Universe Scales

An interactive logarithmic visualization of the universe's dimensions

The project is open source and available on GitHub.

Motivation

I’ve grown to become more curious about the limits of the world. In elementary school, I stayed through the Scholastic book fairs to read books like Diary of a Wimpy Kid, Big Nate, Ripley’s Believe It or Not, and especially the Guinness World Records. I saw wild factoids like world records for the most tennis balls crammed in a dog’s mouth (5 was the record set by Augie, a Golden Retriever, in 2007, but I checked again and it’s now 6, set by Finley, another Golden Retriever, in 2020).

Or seeing how while Mt. Everest was the tallest mountain on Earth at ~9km tall, it paled in comparison to the tallest mountain in the solar system, Olympus Mons, at ~26km, which really fascinated my tiny 5 ft self. What else was out there that could be so much astronomically larger than me and the mountains on Mars? Or maybe even so much smaller—smaller than the neurons with which I used to think these very thoughts?

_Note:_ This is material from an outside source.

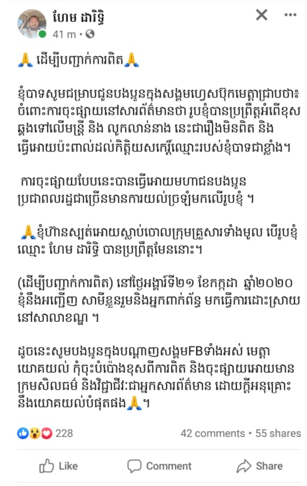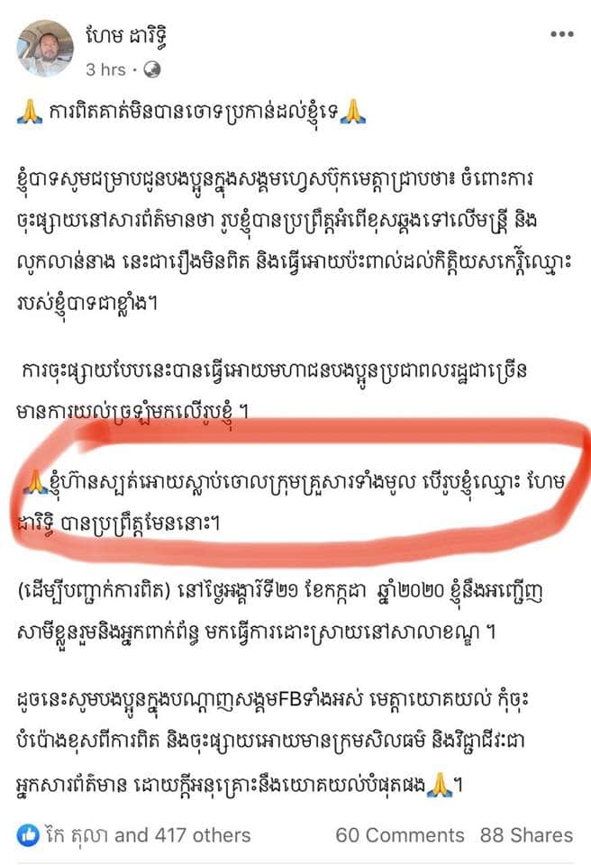 ក្រោយពីមានការចុះផ្សាយអំពីព័ត៌មានតាមសម្ដីក្នុងការឡាយខ្លះនិងព័ត៌មានដែនកញ្ញាទេព សុភក្រ្តា ផ្ដល់តាមប្រព័ន្ធតេឡាក្រាមខ្លះដូចការរៀបរាប់ដ៏សង្ខេបខាងលើនោះរួចមកស្រាប់តែនៅវេលាព្រឹកថ្ងៃទី១៨ ខែកក្កដា ឆ្នាំ២០២០ លោកហែម ដារិទ្ធិ អភិបាលខណ្ឌពោធិ៍សែនជ័យ ហាក់រសើបខ្នងនៅមិនសុខ ក៏បានសរសេរសារបង្ហោះនៅក្នុងបណ្ដាញសង្គមហ្វេសប៊ុករបស់ខ្លួនថា៖ ដើម្បីបញ្ជាក់ការពិត» «ខ្ញុំបាទសូមជម្រាបជូនបងប្អូនក្នុងសង្គមហ្វេសប៊ុកមេត្តាជ្រាបថា៖ ចំពោះការចុះផ្សាយនៅសារព័ត៌មានថា រូបខ្ញុំបានប្រព្រឹត្តអំពើខុសឆ្គងទៅលើមន្រ្តី និង លូកលាន់នាង នេះជារឿងមិនពិត និងធ្វើអោយប៉ះពាល់ដល់កិត្តិយសកេរ្តិ៍ឈ្មោះរបស់ខ្ញុំបាទជាខ្លាំង។ការចុះផ្សាយបែបនេះបានធ្វើអោយមហាជនបងប្អូនប្រជាពលរដ្ឋជាច្រើនមានការយល់ច្រឡំមកលើរូបខ្ញុំ ។ ខ្ញុំហ៊ានស្បត់អោយស្លាប់ចោលក្រុមគ្រួសារទាំងមូល បើរូបខ្ញុំឈ្មោះ ហែម ដារិទ្ធិ បានប្រព្រឹត្តមែននោះ។(ដើម្បីបញ្ជាក់ការពិត) នៅថ្ងៃអង្គារ៍ទី២១ ខែកក្កដា ឆ្នាំ២០២០ ខ្ញុំនឹងអញ្ជើញ សាមីខ្លួនរួមនិងអ្នកពាក់ព័ន្ធ មកធ្វើការដោះស្រាយនៅសាលាខណ្ឌ ។ដូចនេះសូមបងប្អូនក្នុងបណ្តាញសង្គមFBទាំងអស់ មេត្តាយោគយល់ កុំចុះបំប៉ោងខុសពីការពិត និងចុះផ្សាយអោយមានក្រមសិលធម៌ និងវិជ្ជាជីវៈជាអ្នកសារព័ត៌មាន ដោយក្តីអនុគ្រោះនឹងយោគយល់បំផុតផង?។

I yearned to better be able to contextualize and situate all of this trivia in my mind, perhaps in some kind of map or chart. I later stumbled upon Carey and Michael Huang’s Scale of Universe 2, which did a really good job of doing just that and also in capturing all of my waking attention for a few days. That project steered my interests into the sciences. In high school, I learned about Fermi calculations, which can be used to very quickly calculate absurd results like how high the world’s sea level would rise if the every person were to cannonball into the ocean.

Fermi estimate example
V = A * h -> h = V / A; approximately 60 in x 10 in x 10 in = 6e3 in^3 / person 6e3 in^3 / person * 8e9 people ~ 5e13 in^3 The ocean covers most of the world's surface which has a surface area of around 4π(8000/2 miles)^2 ~ 2e8 miles^2 -> 2e8 miles^2 * (~5000 feet / mile)^2 * (~10 in / feet)^2 = 5e17 in^2 h = 5e13 in^3 / 5e17 in^2 = 0.0001 in ~ 2 µm, or less than the height of a typical cell.

Seeing people shoot off these calculations mentally in a matter of seconds really awed me, and the prospect of gaining a better understanding of the world through more math like this intrigued me enough to influence me to choose a major in biophysics at UCLA, even though I had applied for bioengineering programs everywhere else for college.

While taking my physics classes, I did indeed learn a lot more math and new techniques to solve many new types of problems (e.g. probability/statistics, linear algebra, analysis, differential equations, perturbation theory, etc. for problems in stat mech, quantum mechanics, biophysics, EM, analytic mechanics, and etc.). However, I’d often find myself getting so lost in the sauce that I’d lose the physical intuition behind what I was solving and have a final result off by orders of magnitude. I’d often think about how helpful it would be if I had some kind of reference sheet so I could know what direction I was heading, roughly.

I developed my first prototype using Matplotlib and Python, starting with a few dimensions but considerably fewer items

I shelved the project for a while as it was good enough for my purposes at the time. But later with the advent of AI-coding tools, what used to take days of banging my head against pages of documentation and Stack Overflow now only takes hours of banging my head against a highly sophisticated magic language box. After billions of SV VC dollars, trillions of transistors, and decades of development from some of the brightest minds, I can finally send an API call to a distributed network of GPUs all so I can center a div 😆

This is my second website that I’ve made from scratch, after my MultiTanks game. I hope to continue expanding upon it with more feedback from users. Hopefully, this can serve as both an engaging learning tool like Scale of the Universe and also a useful reference for students and perhaps even researchers. I’m certainly open to feedback on accuracy and am open to perhaps making this more rigorous.